◆ Prompt ◆
Needed from the data below: every line from the one with "Gegensätze im Hochgebirge: Das" up to and including the one with "in ca. eineinhalb", repeated exactly and with nothing else.

◆ Supplied records ◆
● ● ●
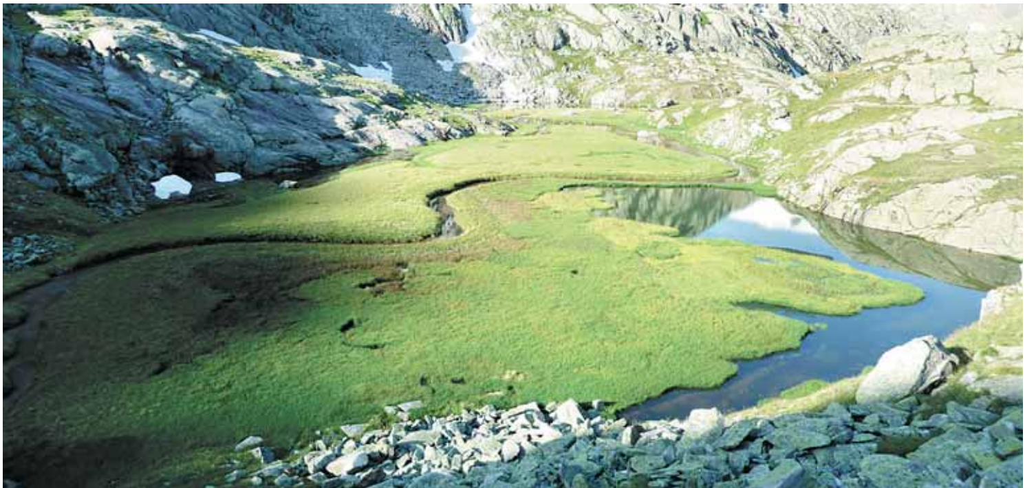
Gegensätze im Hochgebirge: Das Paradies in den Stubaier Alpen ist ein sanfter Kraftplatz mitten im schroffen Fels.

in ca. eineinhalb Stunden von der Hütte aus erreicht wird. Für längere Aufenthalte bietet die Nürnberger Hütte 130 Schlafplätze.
● ● ●
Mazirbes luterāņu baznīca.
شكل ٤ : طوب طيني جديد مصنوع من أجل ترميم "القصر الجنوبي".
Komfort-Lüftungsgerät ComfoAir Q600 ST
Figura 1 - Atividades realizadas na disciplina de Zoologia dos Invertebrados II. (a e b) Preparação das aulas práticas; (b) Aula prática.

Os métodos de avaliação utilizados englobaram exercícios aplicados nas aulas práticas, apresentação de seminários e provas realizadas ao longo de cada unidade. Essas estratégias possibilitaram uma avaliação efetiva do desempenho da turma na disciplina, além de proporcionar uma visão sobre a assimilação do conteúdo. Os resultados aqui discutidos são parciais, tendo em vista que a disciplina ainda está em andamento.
● ● ●
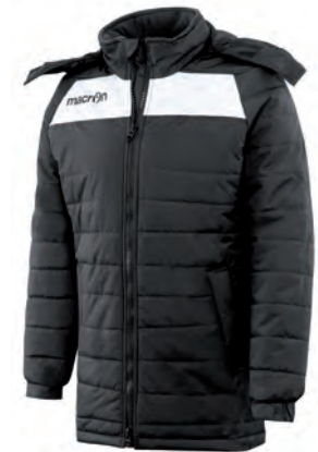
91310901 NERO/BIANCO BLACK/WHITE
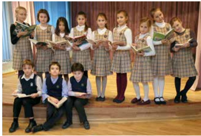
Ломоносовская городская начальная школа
● ● ●
◆ Answer to this problem ◆
Gegensätze im Hochgebirge: Das Paradies in den Stubaier Alpen ist ein sanfter Kraftplatz mitten im schroffen Fels.

in ca. eineinhalb Stunden von der Hütte aus erreicht wird. Für längere Aufenthalte bietet die Nürnberger Hütte 130 Schlafplätze.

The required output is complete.